In the year 2020 in the heart of Barcelona a wandering gallery was born, the same one that in February 2021 would debut at Art Madrid with an exhibition proposal focused on contemporary portraits; with this subject matter it would manage to create a powerful dialogue between artwork and audience and make the seal Inéditad remain in the history of the event that contained it.

Jean Carlos Puerto. Protección. Oil and copper leaf on wood. 60 x 48. 2021. Image courtesy of the gallery.

Since that first time and until today, the wandering gallery has managed to build projects on otherness, has repositioned in the spotlight the discourses on the LGTBIQ+ collective, has consolidated a group of artists who share its principles of resilience and empathy and the best thing is that it continues to bet from the professionalism and commitment to give voice to the difference.

Claudio Petit-Laurent.. El Joven de la Perla. Oil on wood. 30 x 30 cm. 2023. Image courtesy of the gallery.

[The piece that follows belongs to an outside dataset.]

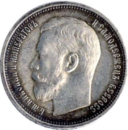 Николай II сохраняет принятый отцом тип, но на банковских монетах его портрет (работы Васютинского) повернут влево (на запад). На оборотной стороне сохраняется тот же герб, вплоть до знака АГ под задней ногой коня.

Inéditad Gallery, thanks to its founder Luis López, its collaborators and the infinite possibilities manifested in the works of the artists it represents, is a gallery that has demonstrated its capacity and courage to stimulate the sensibility of the public through art and seduce a generation that moves between the glass window and the analogical story. Inéditad is a nomadic gallery that has gathered around it a community of artists and has moved the context with exhibition projects that think about LGTBIQ+ art without prejudices.

Pepa Salas Vilar. Las marcas del arcoiris. Oil on canvas. 40 x 50 cm. 2022. Image courtesy of the gallery.

Pride and Prejudice was inaugurated. An exhibition that brings together the works of sixteen artists: Abel Carrillo, Alex Domènech, Carlos Enfedaque, Silvia Flechoso, Jamalajama, Daniel Jaén, Claudio Petit-Laurent, Jean Carlos Puerto, Fernando Romero, Pablo Rodríguez, Pepa Salas Vilar, Jack Smith, Pablo Sola, Bran Sólo, Elia Tomás and Utürüo. Painting, illustration, photography and digital art are the manifestations that bring into dialogue around fifty neatly threaded pieces, in a discursive line that discusses such a latent phenomenon as discrimination. To achieve this, the artists invited to the exhibition question themselves whether: Does discrimination exist within the LGTBIQ+ collective?

Pride and Prejudice Official Poster. Image courtesy of the gallery.

With approaches on and from the body, the proposal invites to celebrate diversity, proposes to question and self-question the prejudices and attitudes of society against the collective. Pride and Prejudice is a space for dialogue about the constructs imposed on us by society. It is also an oasis in which to deconstruct with tolerance and respect the subjectivities that sometimes prevent us from approaching the production of the participating artists, simply because "the beautiful" does not fit in an androgynous body. The subjugation of stereotypes are pressed with determination to find the beauty of diversity in other palpable facets of reality.

Pablo Sola. All men are dogs. Photography. 2014. Image courtesy of the gallery.

Throughout these three years Inéditad has stimulated the vindictive projection towards bad practices, has questioned estates around the LGTBIQ+ body and the most admirable thing, is that these capacities have resurfaced around the dialogue and the visual narrative of the stories that are told from the visual: Artworks that are people, art that is, per se, humanity. Overcome impositions and accept what is different in order to continue fighting against homophobia, biphobia, lesbophobia or transphobia and defend the equal rights that all the acronyms of the collective deserve in our community.

That's Pride and Prejudice: One creature, the happiest in the world. And maybe other projects and other people have said it - or felt it - before, but none so fairly.

Silvia Flechoso. Hola, soy maricón. Oil on canvas. 73 x 54 cm. 2023. Image courtesy of the gallery.

From June 8th until June 22nd you can visit Pride and Prejudice. Carrer de Palau núm. 4. Canal Gallery space. Barcelona.